Citation : 2012 Latest Caselaw 4280 Del
Judgement Date : 19 July, 2012

Delhi High Court
Delhi Development Authority vs V.K. Wahi on 19 July, 2012
Author: Rajiv Sahai Endlaw
*     IN THE HIGH COURT OF DELHI AT NEW DELHI
                               Date of decision: 19th July, 2012
+                 LPA No.481/2008
%   DELHI DEVELOPMENT AUTHORITY                 ....Appellant
                  Through: Mr. Rajiv Bansal & Mr. Rahul
                             Bhandari, Advs.
                          Versus
    V.K. WAHI                                 .... Respondent
                  Through: Mr. R.N. Jha, Adv.
CORAM :-
HON'BLE THE ACTING CHIEF JUSTICE
HON'BLE MR. JUSTICE RAJIV SAHAI ENDLAW
                                JUDGMENT

RAJIV SAHAI ENDLAW, J.

1. This Intra-Court appeal impugns the judgment dated 19th May, 2008 of the learned Single Judge allowing W.P.(C) No.1913/2007 preferred by the respondent by quashing the orders dated 18th July, 2006 and 22nd January, 2007 of the appellant DDA (cancelling the allotment of plot no.1369 (ad measuring 32 sq. mtrs.), Pocket A-1, Sector-30, Rohini in favour of the respondent) and directing the appellant DDA to allot an alternative plot with the same measurements and near the same sector or in the same zone to the respondent at the cost as was prevalent on the date of allotment of the earlier plot to the respondent. The appeal was admitted for hearing and the operation of the order of the learned Single Judge stayed. We have heard the counsels.

2. The respondent was a registrant with the appellant DDA since the year 1981; after a long wait of 23 years he was vide letter dated 2nd August, 2004 allotted the plot aforesaid; though the respondent deposited the

demanded amount but the appellant DDA vide letter dated 18th July, 2006 cancelled the allotment for the reason of the wife of the respondent being already the owner of another plot in Rohini. The respondent represented to the appellant DDA that his wife had purchase a 32 sq. mtr. plot in Rohini from market on power of attorney and had not been allotted the said plot by the appellant DDA. The appellant DDA however vide letter dated 22 nd January, 2007 rejected the said representation.

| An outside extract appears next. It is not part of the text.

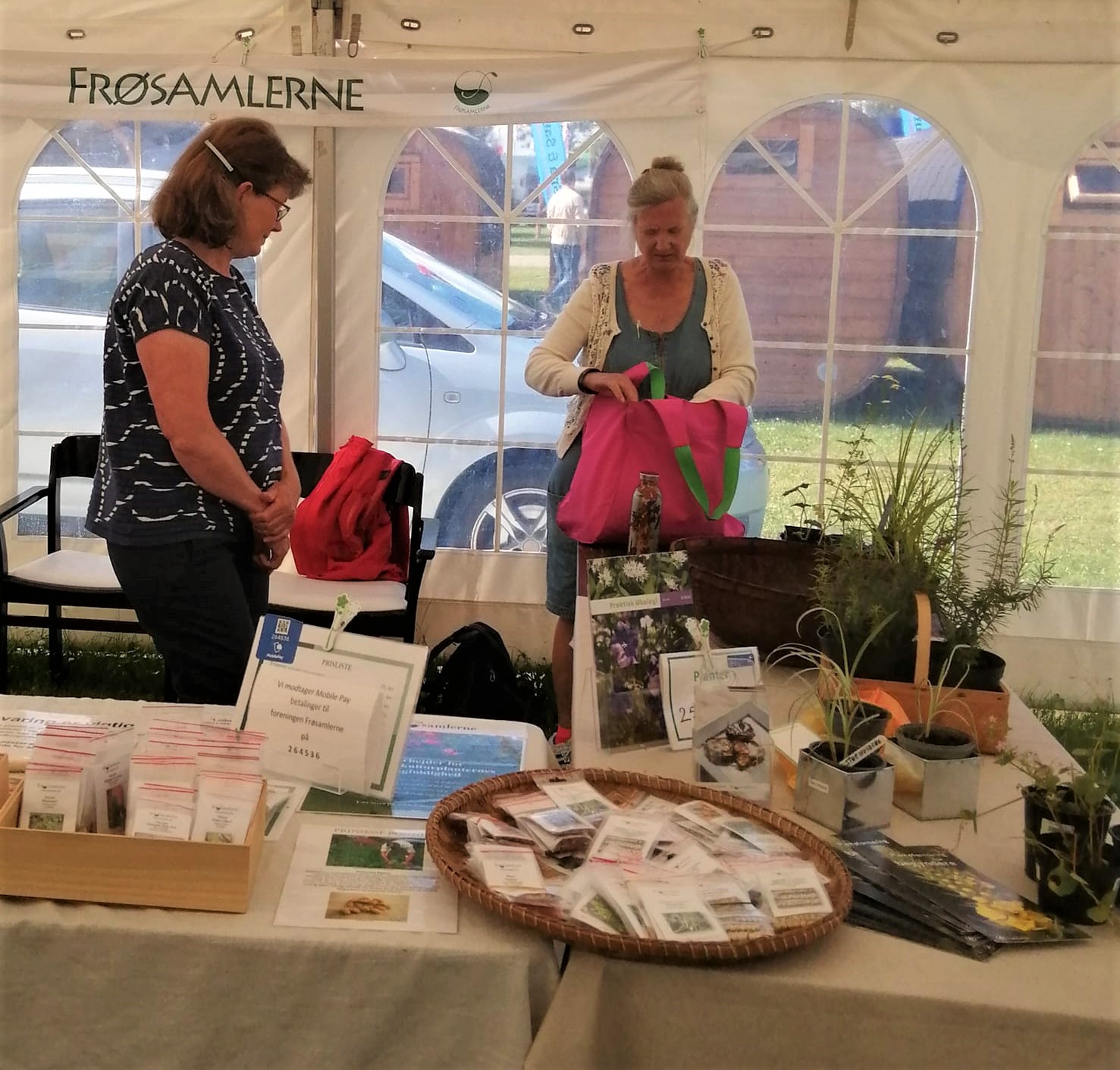 Vi står i telt, sammen med andre sælgere og der er altid en hyggelig stemning i have- og naturudstillingen, hvor der også er grønne oaser og tilbud af "fødevarer i naturen".

3. The relevant clause in the brochure of the appellant DDA in this regard is as under:-

"(1) (ii) The individual or his wife/her husband or any of his/her minor children do not own in full or in part on leasehold or freehold basis any residential plot of the land or a house or have not been allotted on hire purchase basis a residential flat in Delhi/New Delhi or Delhi Cantonement. If, however, individual share of the applicant in the jointly owned plot or land under the residential house is less than 65 sq. mtrs. an application for allotment of plot can be entertained. Persons who own a house or a plot allotted by the Delhi Development Authority on an area of even less than 65 sq. mtrs. shall not, however be eligible for allotment".

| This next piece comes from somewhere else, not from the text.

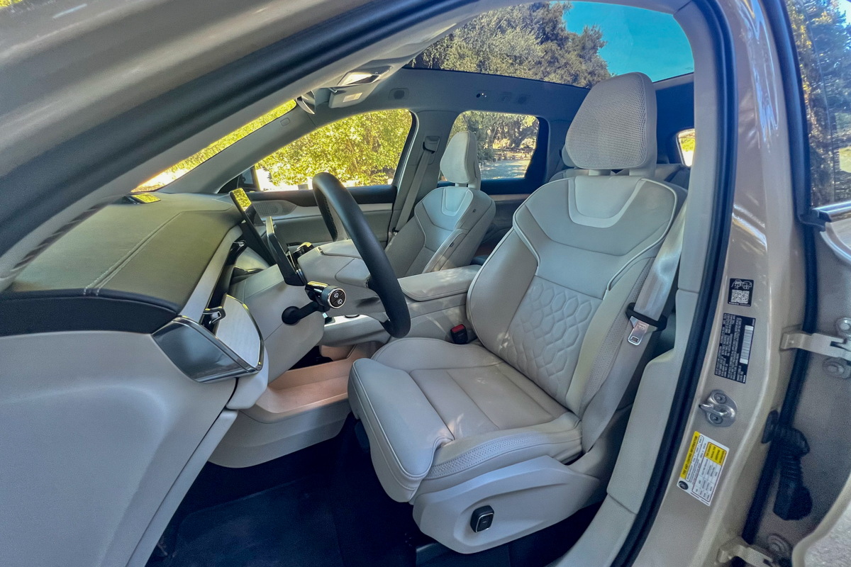 Our test vehicle came with the Nordico synthetic leather seat upholstery that looks and feels appropriate in a luxury setting, but in the hot August sun, we found it tended to be rather stifling. The Tailored Wool Blend would be a better choice for a material that breathes better, though it's unclear if it will be as durable or stain-free as the Nordico. Overall, the EX90 presents a very favorable first impression that places it well among premium luxury SUVs.

4. It is not in dispute that freehold rights of the plot acquired by the wife of the respondent were conveyed in her favour on 29th December, 2000 and that the said fact was not intimated by the respondent to the appellant DDA. The learned Single Judge in the impugned judgment has however negatived the plea of the appellant DDA that the exemption from the general principle in the clause aforesaid qua plot or house of less than 65 sq. mtr. is applicable only to jointly held house/plot. It has further been held that for the clause to be applicable, the allotment of the other plot/house of even less than 65 sq.

mtr. has to be necessarily by the appellant DDA and not when the acquisition is from the market. Accordingly the writ petition was allowed.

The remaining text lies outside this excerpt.